Arah Pembenahan & Reformasi Pengadaan sebagai Upaya Pencegahan Korupsi
Kata pepatah, “Mencegah lebih baik daripada mengobati.” Yang bermakna “lebih bijak mencegah suatu masalah sejak awal daripada harus repot mengatasi akibatnya nanti.” Reformasi dan perbaikan pengadaan barang/jasa tidak cukup hanya dengan perbaikan regulasi dan sistem, justru yang lebih penting adalah:
- Peningkatan Kapasitas dan Integritas SDM Pengadaan, khususnya para PPK, Pokja, dan Auditor.
- Budaya Pelayanan Publik yang Berbasis Etika, bukan sekadar kepatuhan formal.
- Penerapan prinsip Value for Money, bukan hanya harga termurah, melainkan kualitas terbaik, tepat waktu, dan manfaat berkelanjutan.
- Kolaborasi antara Pemerintah, Swasta, dan Masyarakat Sipil dalam mengawasi dan mengawal proses pengadaan secara transparan dan partisipatif.
Mana Perdata, Mana Pidana? Yuk, Buka Mata Bareng-Bareng!
Setelah kita kupas tuntas dari hulu ke hilir, bisa kita simpulkan bahwa pengadaan barang/jasa pemerintah memang berakar dari hubungan perdata yang sah secara hukum. Tapi hati-hati! Bukan berarti semua persoalan pengadaan otomatis jadi urusan kontrak semata. Kalau di balik kontrak itu ada niat jahat, rekayasa, atau penyalahgunaan wewenang, maka urusannya naik level masuk ke ranah pidana korupsi, tanpa mengesampingkan sedikitpun azas ultimum remedium.
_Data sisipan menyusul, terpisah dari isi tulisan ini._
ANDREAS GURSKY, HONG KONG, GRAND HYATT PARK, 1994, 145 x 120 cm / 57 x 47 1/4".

Bayangkan, ketika satu pihak dengan sengaja memanipulasi proses tender, mengatur pemenang, atau mengurangi kualitas dan volume barang, itu bukan cuma soal wanprestasi—itu sudah merugikan negara. Dan ketika Mens Rea itu terbukti, maka jelas: penyelesaiannya tidak cukup lewat jalur perdata atau administratif saja, tapi harus melalui hukum pidana.
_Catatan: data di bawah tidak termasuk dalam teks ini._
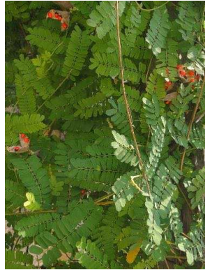
64 Abrus precatorius FABACEAE
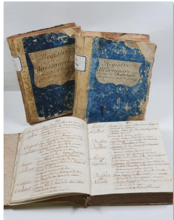
Fig. 1 : Registre des naissances, registre des mariages, registre des décès, 1799-1820. Archives de Montreux, Fonds de la Commune du Châtelard, CHD-R-A-001/002/003

De manière très résumée, nous considérons qu'il y a trois types de recherches généalogiques. Le premier englobe les professionnels de la généalogie qui exercent un véritable métier. Ceux-ci travaillent souvent pour des études notariales afin de retrouver des descendants en cas d'héritage. Ensuite, nous observons qu'il y a dans certaines familles des gardiens de la mémoire familiale. Ces généalogistes-amateurs éclairés consacrent souvent de longues années à la recherche d'informations minutieuses afin de construire leur arbre généalogique. Enfin, mais non des moindres, il y a toutes les personnes curieuses de mieux connaître leur origine, leur histoire. Ces personnes-là cherchent à comprendre le vécu de leurs ancêtres, au-delà des dates de naissance, mariage et décès.
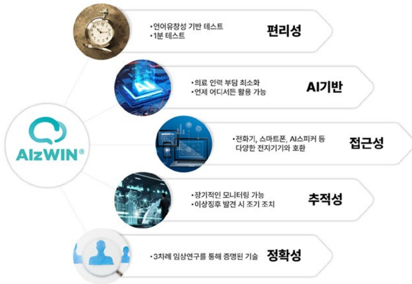
[1분 안에 간단하고 쉽게 뇌건강을 체크하고 모니터 할 수 있는 솔루션 'AizWIN']

세브포인트원은 AI를 활용해 간단한 대화만으로 뇌의 인지 기능 저하 여부를 판별해 2분 만에 치매 고위험군을 선별하는 인공지능 솔루션 'AizWIN'과 VR 기술 기반으로 뇌의 활동성을 높이는 회상 요법 솔루션인 'SENTENTS'를 개발했습니다.

Tapi tenang dulu! Tidak semua masalah dalam pengadaan harus buru-buru dilabeli “korupsi”. Selama tidak ada motif jahat untuk memperkaya diri sendiri atau orang lain, maka penyelesaiannya cukup lewat mekanisme perdata yang adil dan transparan.
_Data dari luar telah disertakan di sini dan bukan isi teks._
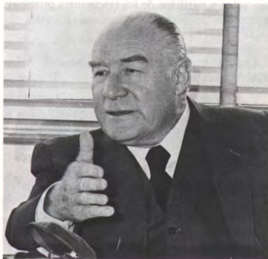
Sergio O. Jarpa

tativa; Economía Social de Mercado, fundada en la armonía social, la empresa privada y el derecho de propiedad; acción concreta en favor de los más pobres; rol subsidiario del Estado; fortalecimiento de las organizaciones intermedias de la sociedad; oposición resuelta al comunismo y a toda forma de totalitarismo y de violencia; conformar una alternativa política independiente y con identidad propia que contribuya a dar estabilidad al país.
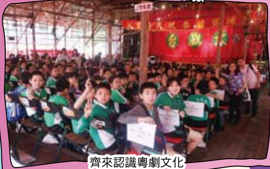
齊來認識粵劇文化
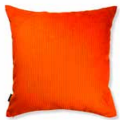
Cara 100647 50 x 50 cm orange
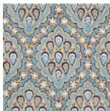
1560-03 LES GRENADES - SAPHIR
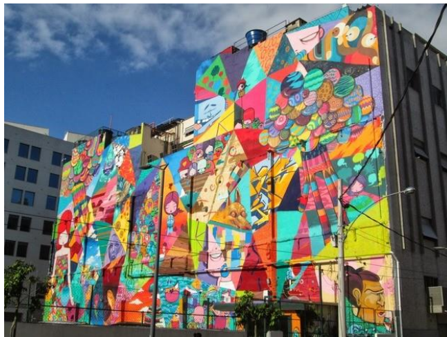
Figura 5 - Grafite do artista brasileiro Toz na Zona Portuária do Rio.

A arte do grafite é uma forma de manifestação artística em espaços públicos. A definição mais popular diz que o grafite é um tipo de inscrição feita em paredes. Existem relatos e vestígios dessa arte desde o Império Romano. Seu aparecimento na Idade Contemporânea se deu na década de 1970, em Nova Iorque, nos Estados Unidos. Alguns jovens começaram a deixar suas marcas nas paredes da cidade e, algum tempo depois, essas marcas evoluíram com técnicas e desenhos.
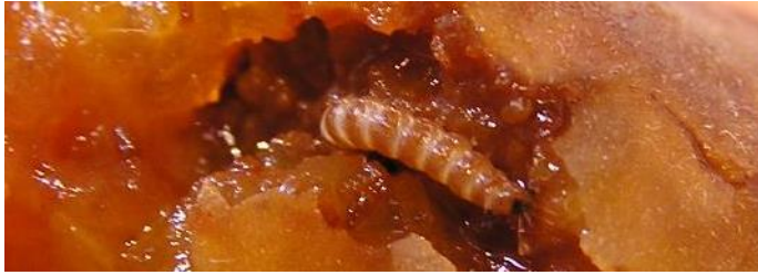
Eruga d'anarsia en albercoc.

És recomanable tractar les finques amb antecedents d'atacs d'anàrsia abans de l'estadi fenològic E amb oli d'estiu i un insecticida. Això ajudarà a rebaixar el nivell de larves hivernants abans de la floració. A més, aquest tractament té efectes sobre el poll de Sant Josep i l'aranya bruna.

Ingat baik-baik, “Niat jahatlah yang memisahkan perkara perdata biasa dari kejahatan luar biasa.”
Maka dari itu, jangan sampai kita terjebak dalam narasi bahwa semua masalah pengadaan itu dikriminalisasi. Hukum pidana bukan untuk menghukum kontraktor yang salah kirim barang, tapi untuk membongkar mereka yang sengaja menggarong uang negara. Yuk, dukung upaya pemberantasan korupsi dengan tetap berpikir jernih dan objektif!